The Movie
After visiting places like North Dakota, D.C. Texas and (Raising) Arizona, Coen Brothers Joel and Ethan have crafted what appears to be their most personal film to date, if not out-and-out "autobiographical." Their dark comedy A Serious Man recounts the experience of growing up Jewish in the Minnesota suburbs during the 1960s, subject mater which--according to their press releases-- is near and dear to them.
The cinematic Gopnick family is led by the comically unhinged dad, Larry (Michael Stuhlbarg, heading up a mostly-unknown, universally brilliant cast). This physics professor's dull life begins to unravel with both a bribe from one his students and the news that his wife is leaving him for another man. His journey to make sense of it all is an amusing tale packed with subtle humor and other Coen trademarks, a nostalgic tour for some and education for others.
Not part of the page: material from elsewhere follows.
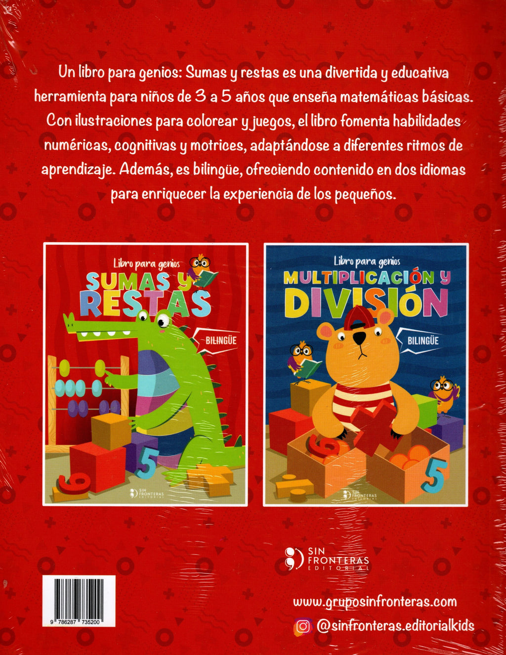 Un libro para genios: Sumas y restas es una divertida y educativa herramienta para niños de 3 a 5 años que enseña matemáticas básicas.

Also check out Karen Dahlstrom's review of A Serious Man.
The Picture
The movie is presented at 1.85:1 (with an opening sequence framed at 1.37:1) and is predominately well-lit and sharply focused, proffering an image so clean that we are tempted to start counting every wrinkle, every freckle, every hair on these characters, often photographed in unflattering conditions. Blacks are not problematic, noise is well-controlled, and the happy colors of the suburban sprawl are a delight. Only one shot was an issue, a pan across the neighborhood rooftops, which flickers unpleasantly on video.
The Sound
The DTS-HD Master Audio 5.1 channel sound displays fine discrete channeling as when an eerie, booming knock comes on the door, or for the hard slap of a game of catch, or footsteps in a fevered chase. Early on, a snowy wind blows all around us, and Carter Burwell's musical score is respectfully mixed throughout, in addition to a punchy, recurring remix of Jefferson Airplane's "Somebody to Love." In truth, the sound design is not super-ambitious but is well-executed.
The Extras
The disc includes three featureettes, all in HD. In "Becoming Serious" (17 minutes), The Coens, their cast and crew ruminate on the movie, while in "Creating 1967" (14 minutes) the costumes (even the vintage undergarments!), the props, the sets, the locations and the cars for this specific time and place are detailed. And the two-minute "Hebrew and Yiddish for Goys" provides a funny and informative crash course in the abundant cultural terms, some more obscure than others. The disc is also BD-Live-enabled and even before street date it loaded fresh coming attractions and delivered news on all of Universal Studios' Academy Award nominations.
Final Thoughts
Exquisitely honest and all the more humorous for it, A Serious Man is a welcome return to form for The Coens, an Oscar underdog ready to be discovered on this high-quality Blu-ray incarnation.